══ The input

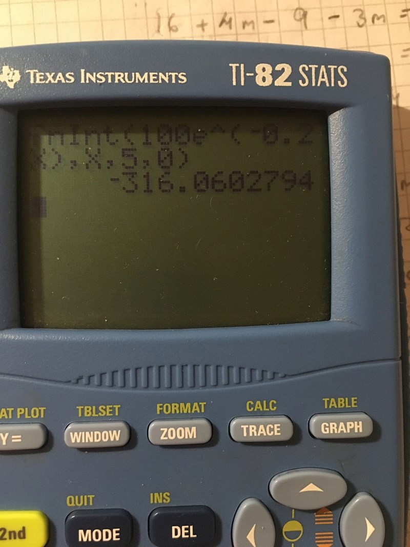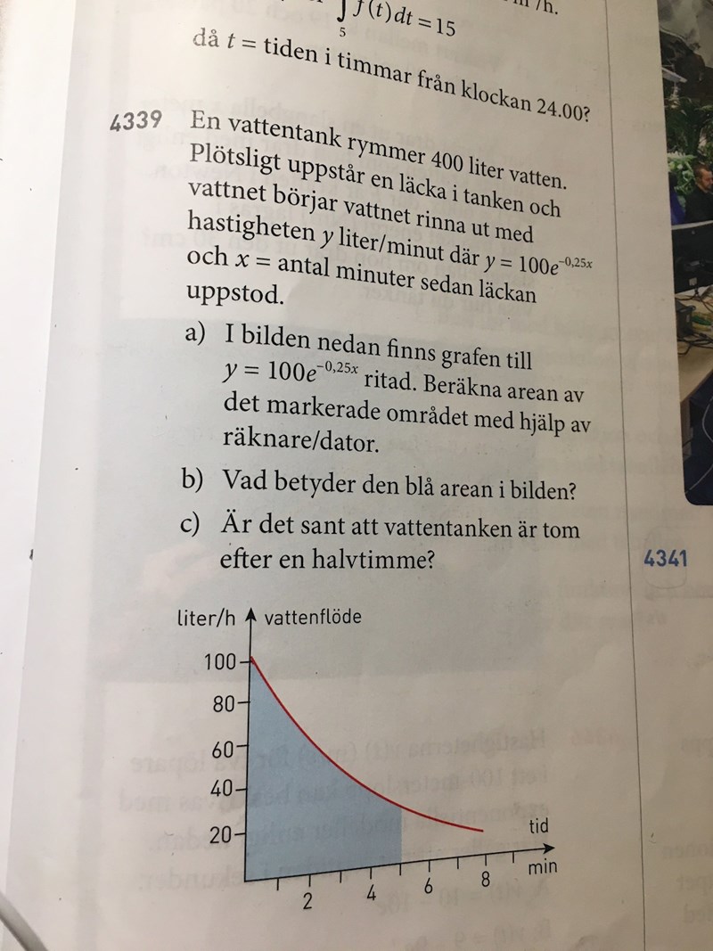 Det ska vara fnInt(100*e^(-0.25x),x,0,5)
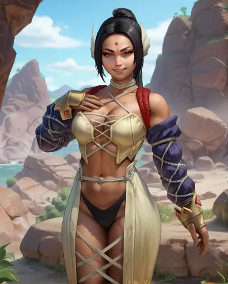 shivaxl, 青い目、青い髪、非常に長い髪、編み込みポニーテール、- 青い肌、または紫の肌、
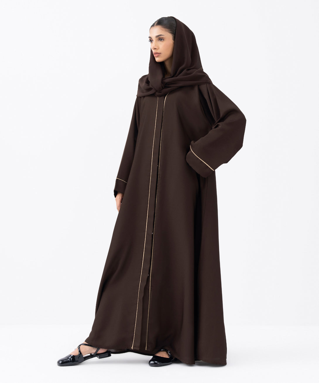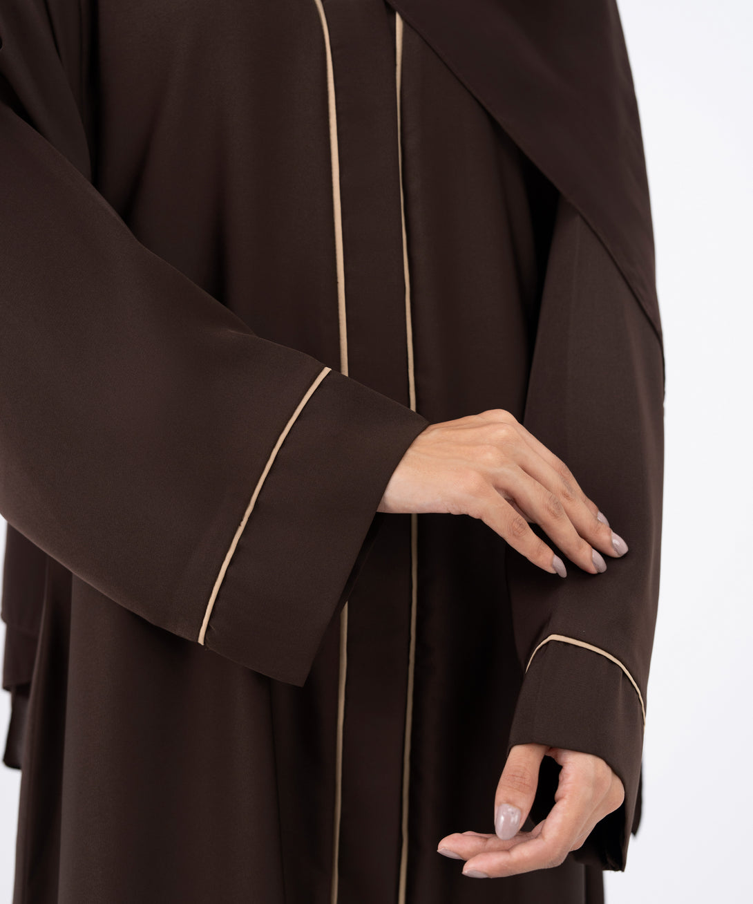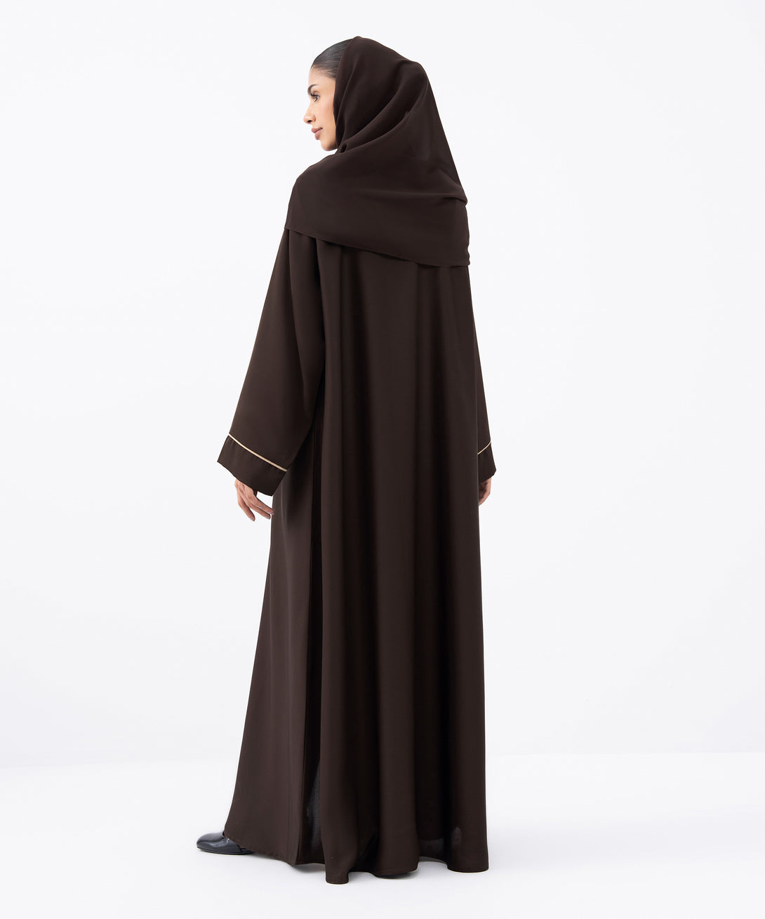 Full length abaya in soft drapey fabric with button through front. V-neckline. Contrast piping on placket and sleeve cuffs.
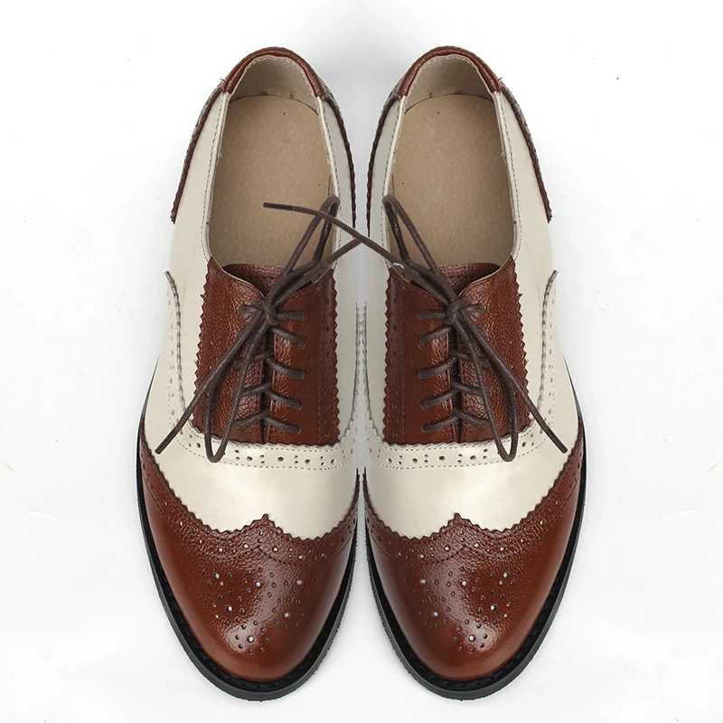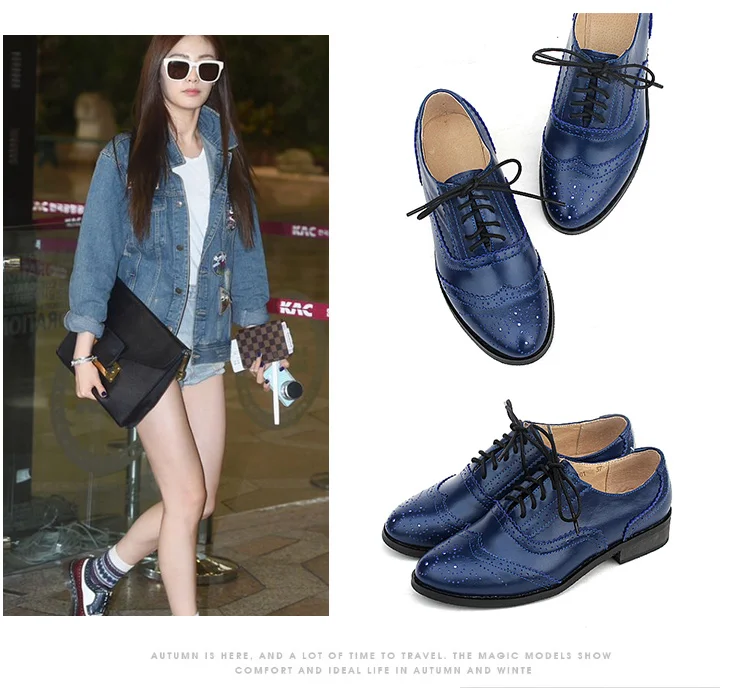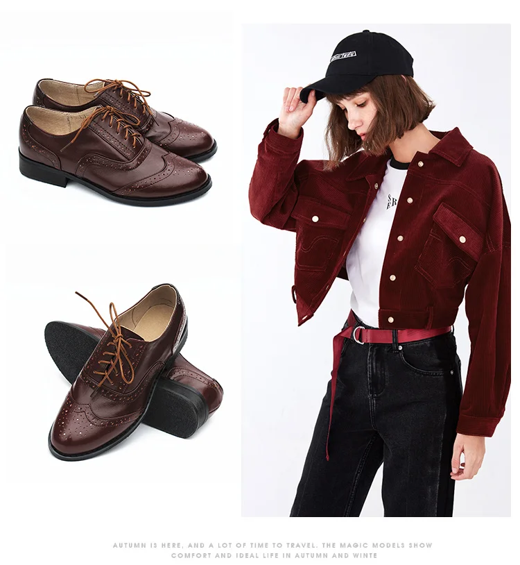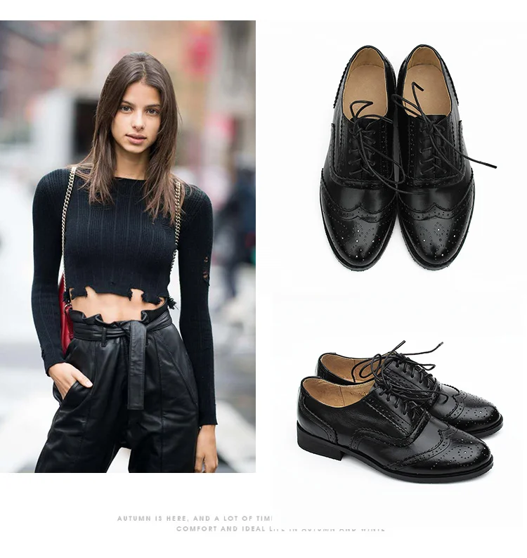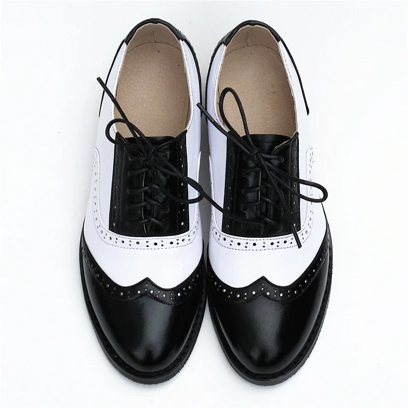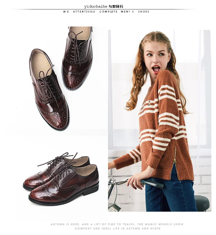 Plus Size Flats Shoes Women Genuine Leather Oxford Shoes For Women British Style Custom Shoes Lace-Up Brogue Leather Shoes
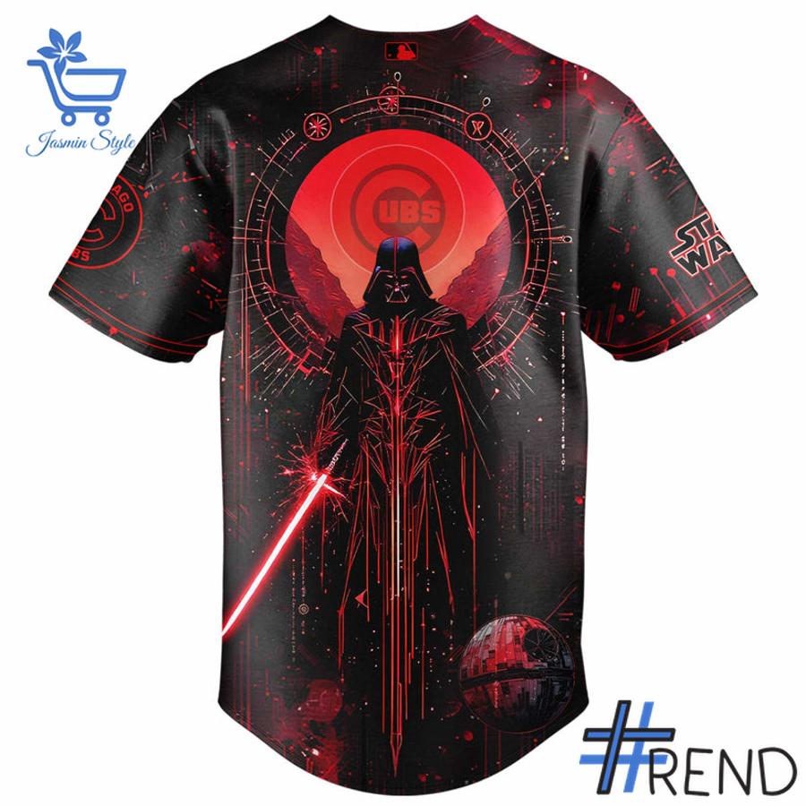 The back takes the design to the next level, featuring a dramatic full-body Darth Vader graphic wielding his glowing red lightsaber, framed by intricate circular patterns and a bold red Chicago Cubs logo in the background. This fusion of sci-fi artistry and sports heritage creates a powerful visual impact that fans will admire from every angle.
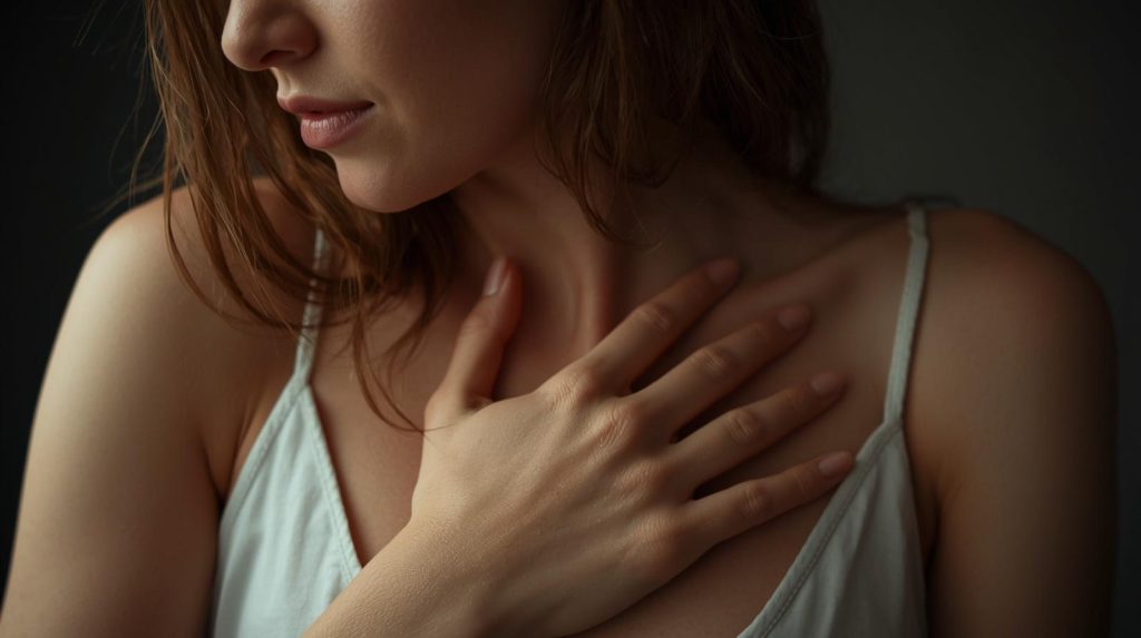 - Was hilft? Verlängere bewusst dein Ausatmen (z. B. 4 Sek. ein, 6 Sek. aus). Eine Hand auf dem Brustbein schenkt durch Wärme sanfte Beruhigung.
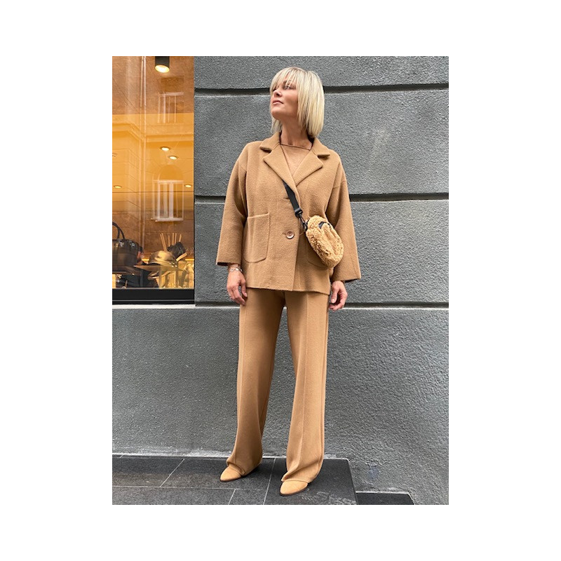 Сумка круглой формы из искусственного меха, на молнии и с ремешком из сутажной ленты.
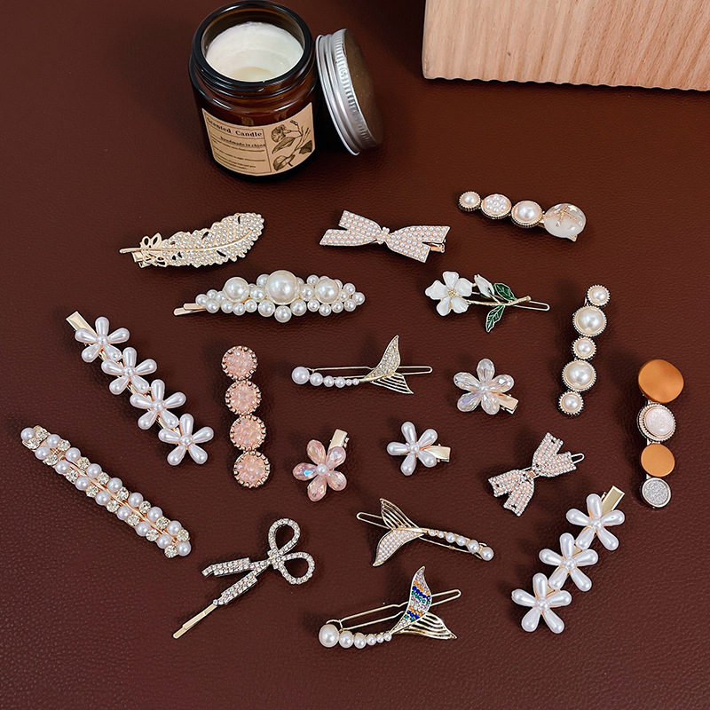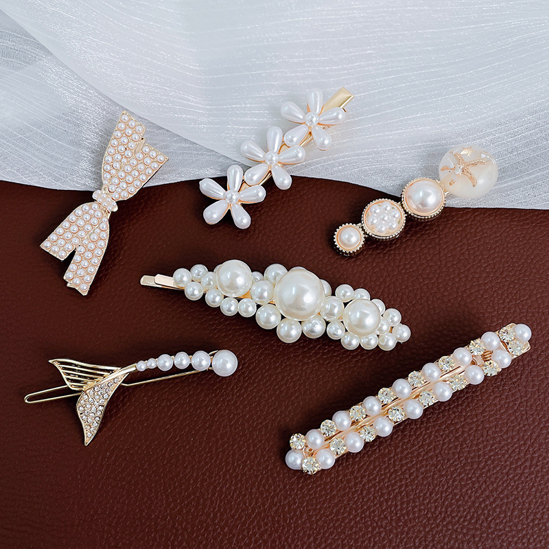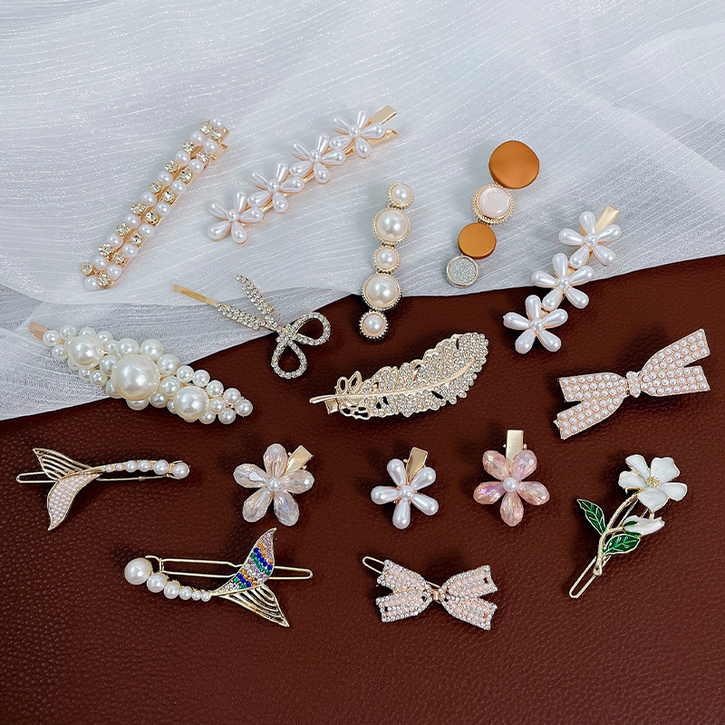 South Korea Ins Elegant Pearl Hairpin Women’s Side Bangs Clip Duckbill Clip Cyber Celebrity Hairpin Clip One-word Clip Headwear

════

(Assignment)
Reproduce the entries above exactly, though not their pictures.

(Written answer)
 Det ska vara fnInt(100*e^(-0.25x),x,0,5)
 shivaxl, 青い目、青い髪、非常に長い髪、編み込みポニーテール、- 青い肌、または紫の肌、
 Full length abaya in soft drapey fabric with button through front. V-neckline. Contrast piping on placket and sleeve cuffs.
 Plus Size Flats Shoes Women Genuine Leather Oxford Shoes For Women British Style Custom Shoes Lace-Up Brogue Leather Shoes
 The back takes the design to the next level, featuring a dramatic full-body Darth Vader graphic wielding his glowing red lightsaber, framed by intricate circular patterns and a bold red Chicago Cubs logo in the background. This fusion of sci-fi artistry and sports heritage creates a powerful visual impact that fans will admire from every angle.
 - Was hilft? Verlängere bewusst dein Ausatmen (z. B. 4 Sek. ein, 6 Sek. aus). Eine Hand auf dem Brustbein schenkt durch Wärme sanfte Beruhigung.
 Сумка круглой формы из искусственного меха, на молнии и с ремешком из сутажной ленты.
 South Korea Ins Elegant Pearl Hairpin Women’s Side Bangs Clip Duckbill Clip Cyber Celebrity Hairpin Clip One-word Clip Headwear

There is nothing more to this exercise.